Generated 40 examples for the train set.

Generated 12 examples for the validation set.

Generated 12 examples for the test set.



## Create and Train the Classifier

In [13]:
classifier = SingleClassClassifier(
    instructor_client=instructor_client,
    prompt=prompt_definition,
    class_dict=class_dict,
    model="gpt-4o-mini",
    zenbase_tracer=zenbase_tracer,
    training_set=train_examples,
    validation_set=val_examples,
    test_set=test_examples,
    samples=20,
)

result = classifier.perform()

## Analyze Results

In [14]:
print("Base Evaluation Score:", classifier.base_evaluation.evals['score'])
print("Best Evaluation Score:", classifier.best_evaluation.evals['score'])

print("\nBest function:", result.best_function)
print("Number of candidate results:", len(result.candidate_results))
print("Best candidate result:", result.best_candidate_result.evals)

Base Evaluation Score: 0.9166666666666666
Best Evaluation Score: 0.9166666666666666

Best function: <zenbase.types.LMFunction object at 0x14ac40760>
Number of candidate results: 20
Best candidate result: {'score': 0.9166666666666666}
Number of traces: 264


## Test the Classifier

In [15]:
new_article = """
title: Revolutionary Quantum Computer Achieves Milestone in Cryptography
content: Scientists at a leading tech company have announced a breakthrough in quantum computing, 
demonstrating a quantum computer capable of solving complex cryptographic problems in record time. 
This development has significant implications for data security and could revolutionize fields 
ranging from finance to national security.

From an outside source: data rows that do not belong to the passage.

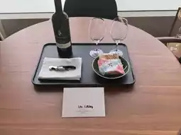 3) There is a free lounge with soda juice, coffee, cake and cookies in the room.
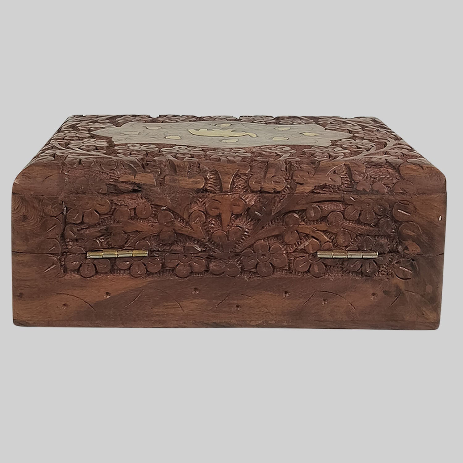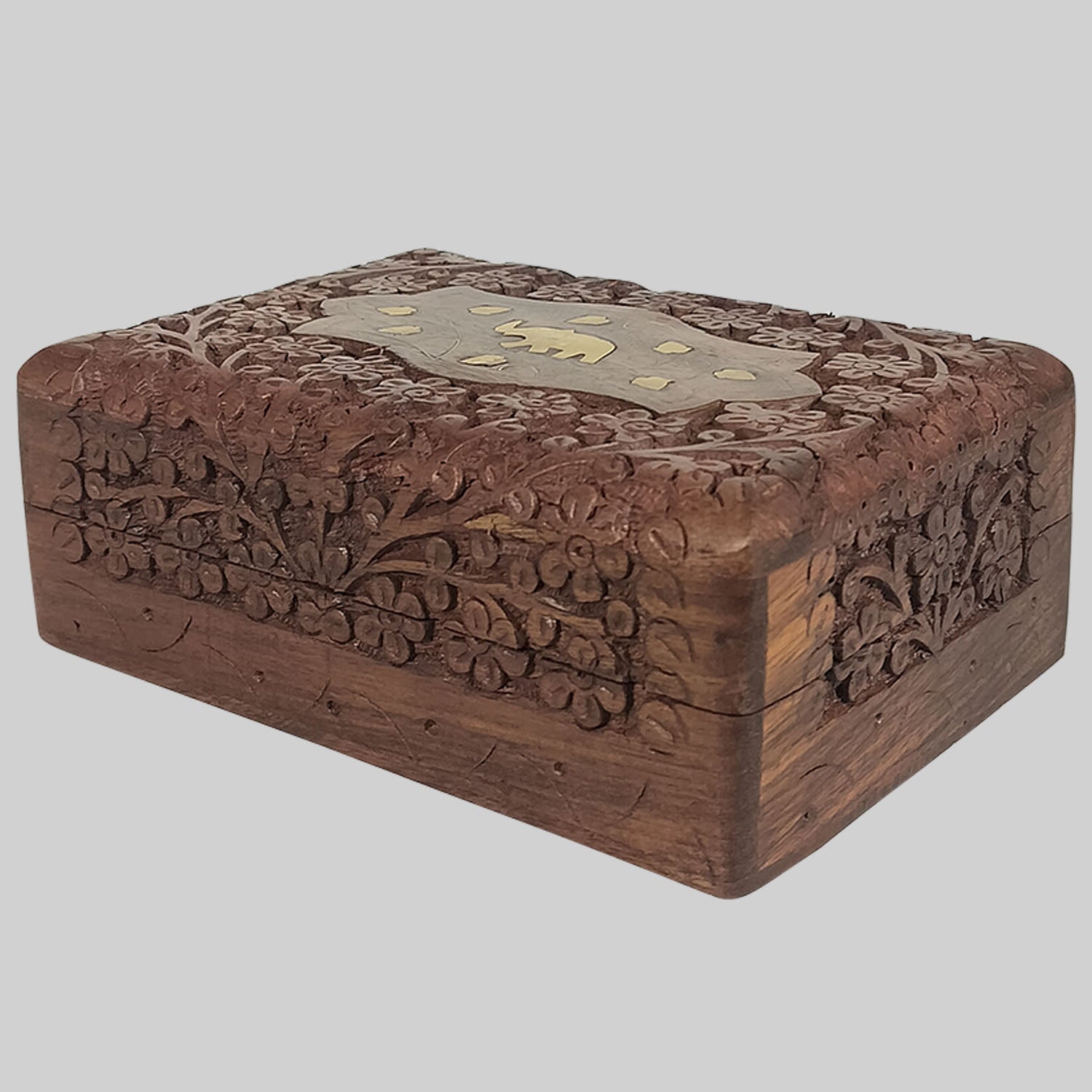 Elephant Carved Box with Brass Inlay Wrok 7 in x 5 in
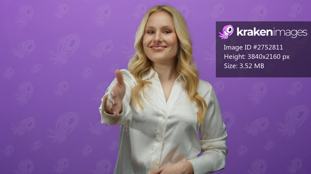 Young blonde woman in a white blouse smiling confidently with an open hand ready for a handshake against a vibrant purple background, symbolizing professionalism and approachability. - Kraken Images
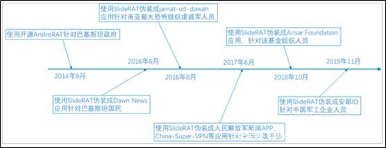 2019年8月,360烽火实验室在日常样本分析中发现一新型Android木马,根据其CC特点将其命名为SlideRAT,深入分析后发现该家族木马属于蔓灵花组织。此后,烽火实验室对该家族样本进行持续监控,2019年11初,发现SlideRAT攻击中国军工行业从事人员,11月中旬,该家族样本开始攻击中国驻巴基斯坦人员。短短半个月内,蔓灵花组织在移动平台至少进行了两次的攻击活动,且受害者均为中国人。
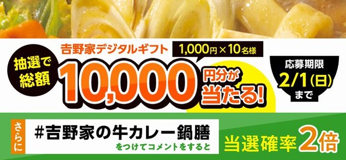 賞品:吉野家デジタルギフト1,000円分(10名様)
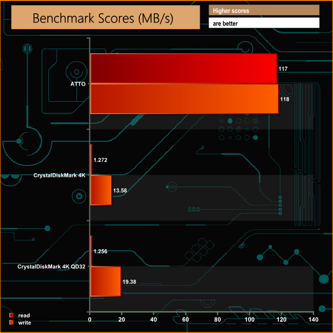 Synology quote Sequential performance figures for the DiskStation DS118 as 113MB/s for reads and 112MB/s for writes, figures we confirmed with the ATTO benchmark. The review unit produced figures of 117MB/s for reads with writes coming in at 118MB/s.
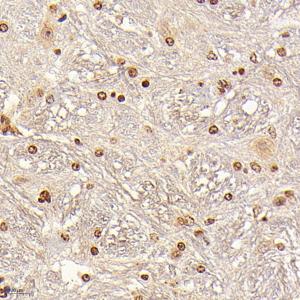 IHC检测YPEL3蛋白(货号 GB114802). 样品: 大鼠脑, 4%多聚甲醛 (货号G1101) 固定12-24小时. 抗原修复: Tris-EDTA抗原修复液(pH 9.0) (G1203), 98℃, 20分钟. —抗: 1: 900稀释, 4℃ 孵育过夜. 二抗: HRP标记山羊抗兔IgG (H+L) (货号GB23303), 1: 200稀释, 室温孵育1小时. |
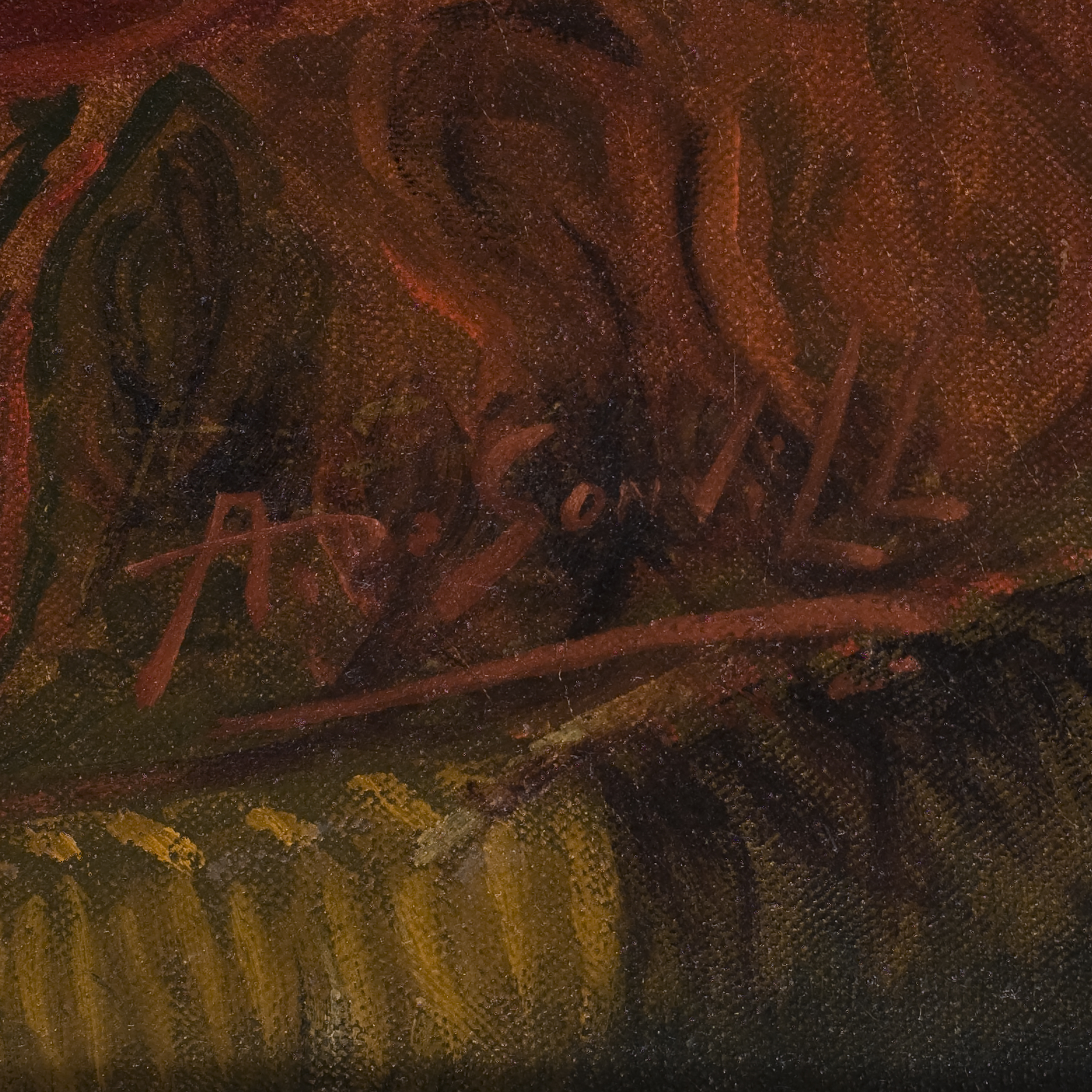 Холст, масло, в правом нижнем углу подпись "A. De Sonville", предположительно французский художник Альберт Де Сонвиль (Albert De Sonville), Бельгия, около 1910 года, размер холста: 116 х 97 см, в раме: 151 х 133 см

However, experts warn that it also poses potential 
risks to current encryption methods.
"""

classification = result.best_function(new_article)
print(f"The article is classified as: {classification.class_label.name}")

The article is classified as: Computers


## Conclusion

In this notebook, we've demonstrated how to:
1. Generate synthetic data for a single-class classification task
2. Prepare the synthetic data for training and testing
3. Create and train a SingleClassClassifier using the synthetic data
4. Analyze the results of the classifier
5. Use the trained classifier to categorize new input

This approach allows for rapid prototyping and testing of classification models, especially in scenarios where real-world labeled data might be scarce or difficult to obtain.